### Problem statement
Leaving out the pictures, copy each record below exactly.
** Opening Material provided block **
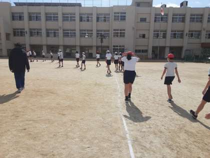 負けないで 公開日 2021/02/09 更新日 2021/02/09 お知らせ 6年生は体育科で持久走に取り組んでいました。10周走るのですが、最初の3周は全員列に並んで他の人に合わせて走っていました。3周目以降、自分のペースで走っていました。10周走り終わったところで、ゆっくり歩いて呼吸を整えます。 スタート地点では「負けないで」の音楽が流れていました。負けない相手は、友だちではなく、自分でしょう。周回するたびにこの音楽が聞こえてきて、元気をもらいながらがんばって走っていました。 いいね(0)
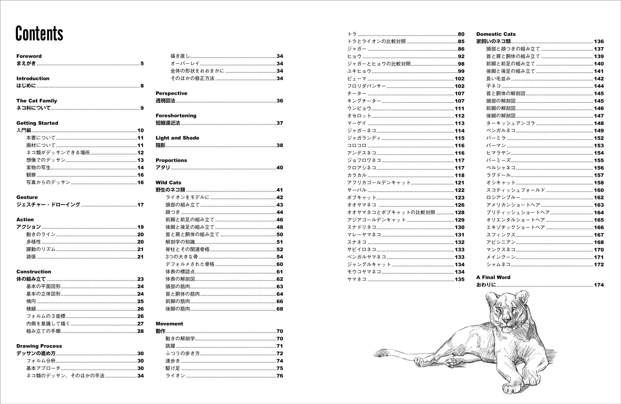 まえがき/はじめに/ネコ科について/入門編/ジェスチャー・ドローイング/アクション/体の組み立て/デッサンの進め方/透視図法/短縮遠近法/陰影/アタリ/野生のネコ類/動作/家飼いのネコ類/おわりに
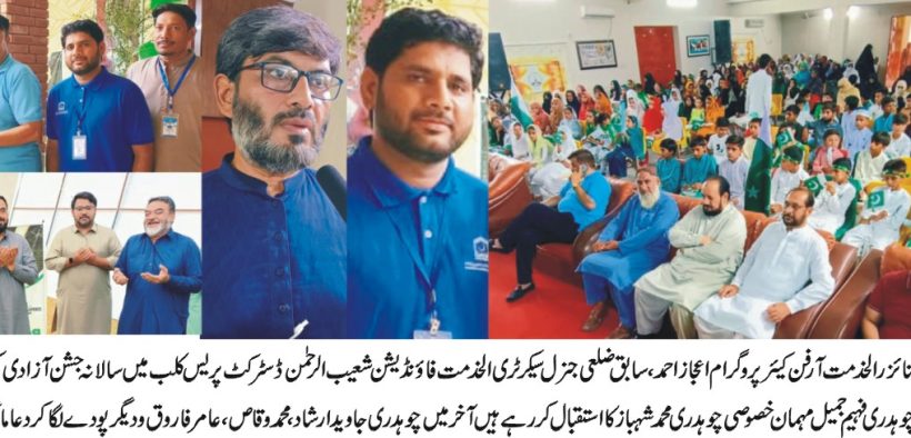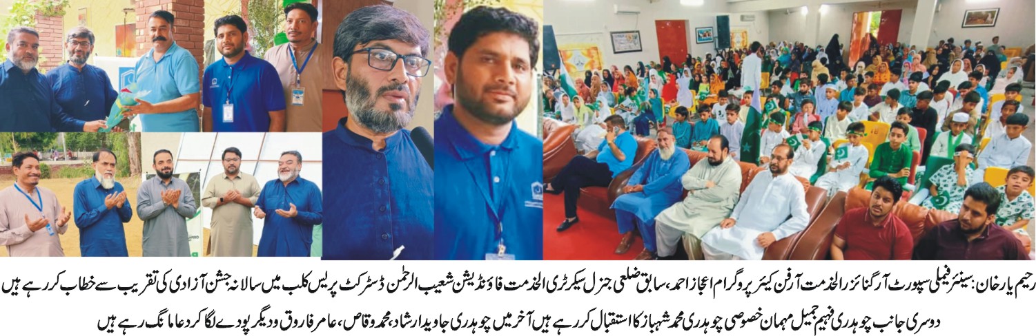 رحیم یارخان (ڈیجیٹل پوسٹ) الخدمت فاؤنڈیشن ضلع رحیم یارخان کے زیراہتمام آرفن کیئر پروگرام کی سالانہ جشنِ آزادی کی تقریب ڈسٹرکٹ پریس کلب رحیم یارخان کے آڈیٹوریم میں منعقد ہوئی
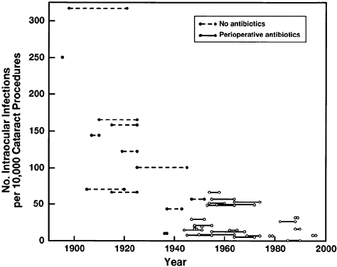 The frequency of intraocular infection after exposure to a contaminated irrigating solution or intraocular lens is not known. In a widespread outbreak of fungal endophthalmitis, infection developed in 4% of those exposed to a contaminated intraocular lens.157 However, defining an outbreak by time and place can be difficult. The paucity of reports of common-source epidemics of postsurgical endophthalmitis173 may belie its frequency. There is no seasonal fluctuation, although posttraumatic infection may be greater in warmer months.174 | ||||||||||||||||||||||||||||||||||||||||||||||||||||||||||||||||||||||||||||||||||||||||||||||||||||||||||||||||||||||||||||||||||||||||||||||||||||||||||||||||||||||||||||||||||||||||||||||||||||||||||||||||||||||||||||||||||||||||||||||||||||||||||||||||||||||||||||||||||||||||||||||||||||||||||||||||||||||
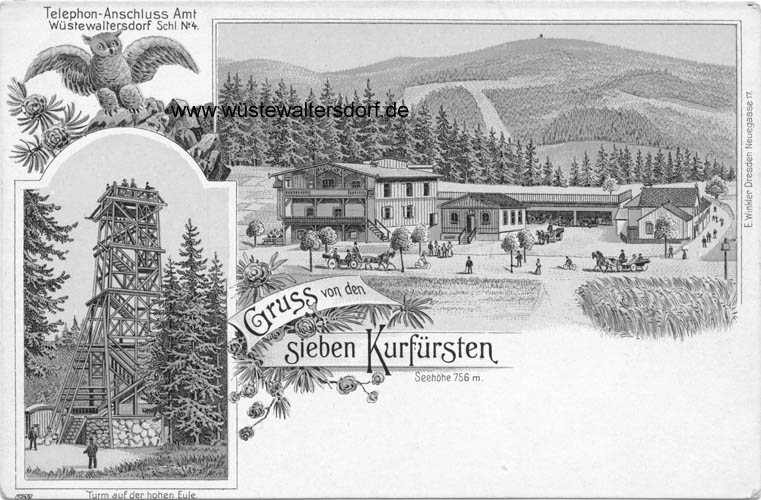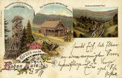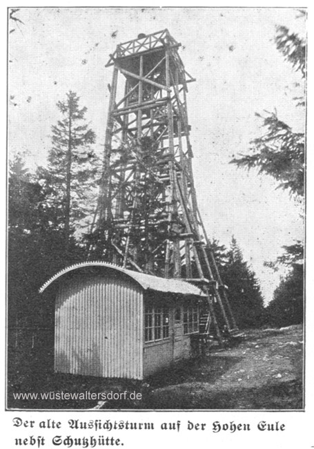 Der Grundbesitzer, Graf Magnis auf Eckersdorf, erteilte die Bauerlaubnis, einen Aussichtsturm auf der Hohen Eule zu errichten. Am 14.7.1885 Auswahl des Bauplatzes. Der Wüstewaltersdorfer Gebirgsverein beteiligte sich an der Finanzierung.
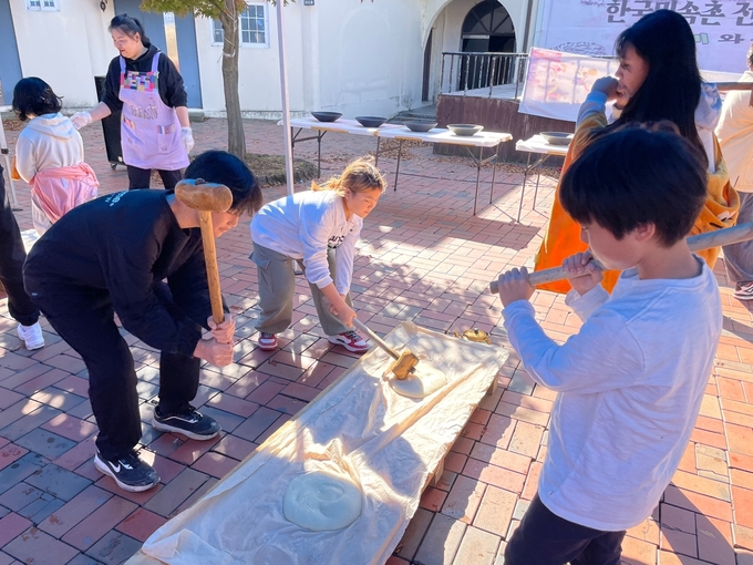 인절미 만들기 떡메체기를 체험하는 참가 청소년들 모습
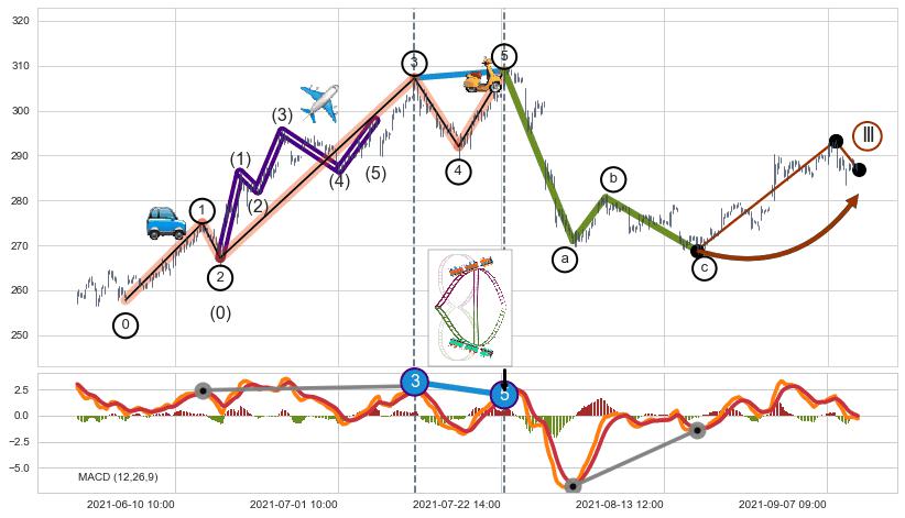 从2021-07-29 10:00至2021-08-24 10:00,共包含115个小时,阶段股价下跌-1.95%,阶段股价变动位移路程比: 1 : 19
** Closing Material provided block **
### Output for this exercise
 負けないで 公開日 2021/02/09 更新日 2021/02/09 お知らせ 6年生は体育科で持久走に取り組んでいました。10周走るのですが、最初の3周は全員列に並んで他の人に合わせて走っていました。3周目以降、自分のペースで走っていました。10周走り終わったところで、ゆっくり歩いて呼吸を整えます。 スタート地点では「負けないで」の音楽が流れていました。負けない相手は、友だちではなく、自分でしょう。周回するたびにこの音楽が聞こえてきて、元気をもらいながらがんばって走っていました。 いいね(0)
 まえがき/はじめに/ネコ科について/入門編/ジェスチャー・ドローイング/アクション/体の組み立て/デッサンの進め方/透視図法/短縮遠近法/陰影/アタリ/野生のネコ類/動作/家飼いのネコ類/おわりに
 رحیم یارخان (ڈیجیٹل پوسٹ) الخدمت فاؤنڈیشن ضلع رحیم یارخان کے زیراہتمام آرفن کیئر پروگرام کی سالانہ جشنِ آزادی کی تقریب ڈسٹرکٹ پریس کلب رحیم یارخان کے آڈیٹوریم میں منعقد ہوئی
 The frequency of intraocular infection after exposure to a contaminated irrigating solution or intraocular lens is not known. In a widespread outbreak of fungal endophthalmitis, infection developed in 4% of those exposed to a contaminated intraocular lens.157 However, defining an outbreak by time and place can be difficult. The paucity of reports of common-source epidemics of postsurgical endophthalmitis173 may belie its frequency. There is no seasonal fluctuation, although posttraumatic infection may be greater in warmer months.174 | ||||||||||||||||||||||||||||||||||||||||||||||||||||||||||||||||||||||||||||||||||||||||||||||||||||||||||||||||||||||||||||||||||||||||||||||||||||||||||||||||||||||||||||||||||||||||||||||||||||||||||||||||||||||||||||||||||||||||||||||||||||||||||||||||||||||||||||||||||||||||||||||||||||||||||||||||||||||
 Der Grundbesitzer, Graf Magnis auf Eckersdorf, erteilte die Bauerlaubnis, einen Aussichtsturm auf der Hohen Eule zu errichten. Am 14.7.1885 Auswahl des Bauplatzes. Der Wüstewaltersdorfer Gebirgsverein beteiligte sich an der Finanzierung.
 인절미 만들기 떡메체기를 체험하는 참가 청소년들 모습
 从2021-07-29 10:00至2021-08-24 10:00,共包含115个小时,阶段股价下跌-1.95%,阶段股价变动位移路程比: 1 : 19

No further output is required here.